Je prends deux exemples pour expliquer cette position :

(3) [JKPR02]

La fiction pour seule mémoire ? Historiquement, la mission de Karski a été un échec puisqu'elle n'a suscité aucun passage à l'acte de la part des Alliés. Qui peut témoigner pour le témoin ? La littérature doit prendre le relais, comme une manière de ressusciter la parole et de « vaincre la mort. Nous arrivons à une époque où les témoins disparaissent les uns après les autres. Contrairement à Lanzmann, qui a sacralisé cet événement au point qu'il est devenu impossible de le représenter, je crois qu'on va devoir passer par la fiction. On n'aura bientôt plus d'autre solution ». (je souligne)
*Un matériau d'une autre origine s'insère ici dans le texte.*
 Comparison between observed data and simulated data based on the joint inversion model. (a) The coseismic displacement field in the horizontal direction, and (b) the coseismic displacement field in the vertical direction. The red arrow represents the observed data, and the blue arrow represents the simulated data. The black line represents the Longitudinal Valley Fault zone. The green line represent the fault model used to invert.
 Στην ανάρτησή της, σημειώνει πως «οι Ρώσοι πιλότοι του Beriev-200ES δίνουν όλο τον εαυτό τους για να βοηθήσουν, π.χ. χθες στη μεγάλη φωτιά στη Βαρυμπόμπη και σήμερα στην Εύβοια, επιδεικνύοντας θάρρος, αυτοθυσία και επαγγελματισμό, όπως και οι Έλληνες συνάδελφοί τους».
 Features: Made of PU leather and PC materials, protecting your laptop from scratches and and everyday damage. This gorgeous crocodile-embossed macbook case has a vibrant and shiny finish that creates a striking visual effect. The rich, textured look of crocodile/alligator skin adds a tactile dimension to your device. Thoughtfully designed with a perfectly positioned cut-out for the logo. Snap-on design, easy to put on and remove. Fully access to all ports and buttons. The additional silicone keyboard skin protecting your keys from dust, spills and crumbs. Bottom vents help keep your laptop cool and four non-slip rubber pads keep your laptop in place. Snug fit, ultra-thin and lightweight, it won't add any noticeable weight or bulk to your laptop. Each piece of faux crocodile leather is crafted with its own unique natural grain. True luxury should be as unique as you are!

L’énoncé déontique la littérature doit prendre le relais, est une formulation qui exprime le devoir moral de la littérature vis-à-vis de la mémoire d’épisodes historiques. L’exemple exprime en creux un des rôles de la littérature, pour l’agent, dans laquelle la mémoire est une valeur, un bien qui transcende le paradigme vérité/fiction que l’on trouve souvent opposé dans ce type de problématique.

(4) [JKBG39]

Yannick Haenel met donc en œuvre un Jan Karski habité par la colère jusqu’à la fin de sa vie, un Jan Karski qui n’a certainement pas été celui-là mais un Yan Karski possible, grand, un homme qui pose des questions, donne à réfléchir. Et parce qu’en utilisant au mieux Histoire et fiction, il permet à tout un chacun de se poser ces questions essentielles, le romancier a tous les droits, même de s’approprier une mémoire qui n’est pas la sienne. (je souligne)
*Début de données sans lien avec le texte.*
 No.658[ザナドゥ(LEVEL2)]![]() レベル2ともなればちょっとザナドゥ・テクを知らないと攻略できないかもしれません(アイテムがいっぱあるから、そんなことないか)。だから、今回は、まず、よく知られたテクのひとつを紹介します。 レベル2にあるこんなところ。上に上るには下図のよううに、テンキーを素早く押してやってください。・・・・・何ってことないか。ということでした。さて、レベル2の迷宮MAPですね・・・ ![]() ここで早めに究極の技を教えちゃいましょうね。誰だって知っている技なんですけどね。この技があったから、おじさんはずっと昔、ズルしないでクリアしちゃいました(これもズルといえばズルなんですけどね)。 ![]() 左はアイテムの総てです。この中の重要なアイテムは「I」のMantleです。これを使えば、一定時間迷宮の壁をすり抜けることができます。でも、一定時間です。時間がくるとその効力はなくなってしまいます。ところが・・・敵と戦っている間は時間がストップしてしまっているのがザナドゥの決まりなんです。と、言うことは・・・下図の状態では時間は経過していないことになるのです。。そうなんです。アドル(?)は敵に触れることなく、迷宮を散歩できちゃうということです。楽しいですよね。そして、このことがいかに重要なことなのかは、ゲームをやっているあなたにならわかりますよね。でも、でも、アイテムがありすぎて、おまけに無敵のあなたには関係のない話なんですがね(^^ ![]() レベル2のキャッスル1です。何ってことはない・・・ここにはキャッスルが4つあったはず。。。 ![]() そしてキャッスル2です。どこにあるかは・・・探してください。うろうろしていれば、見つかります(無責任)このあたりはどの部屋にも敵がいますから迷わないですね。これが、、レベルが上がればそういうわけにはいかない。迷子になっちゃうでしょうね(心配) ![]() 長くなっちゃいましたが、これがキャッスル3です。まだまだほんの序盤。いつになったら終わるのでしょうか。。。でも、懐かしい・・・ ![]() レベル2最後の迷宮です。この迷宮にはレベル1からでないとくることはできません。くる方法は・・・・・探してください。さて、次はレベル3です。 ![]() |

Toujours dans la même thématique de la mémoire, cet autre exemple (4) illustre un cas plus problématique de la relation valeur/norme dans le corpus. La formulation déontique est portée par le présent de vérité générale le romancier à tous les droits. L’objet de ce droit est un vol

moral, car « s’approprier » quelque chose qui n’est pas à soi, est une paraphrase définitionnelle

de ce qu’est un vol.

Le vol est un interdit normatif régi par la loi, mais dans ce cas, dans une acception métaphorique, il devient une anti-valeur, un anti-principe, qui ne justifie cependant pas une dénonciation du livre. La littérature est ici posée comme « valeur-objet », selon le sens 2 de la définition de Nathalie Heinich. La formulation déontique vient appuyer la suprématie du littéraire face à un des interdits majeurs d’une société : le vol, fût-t-il moral.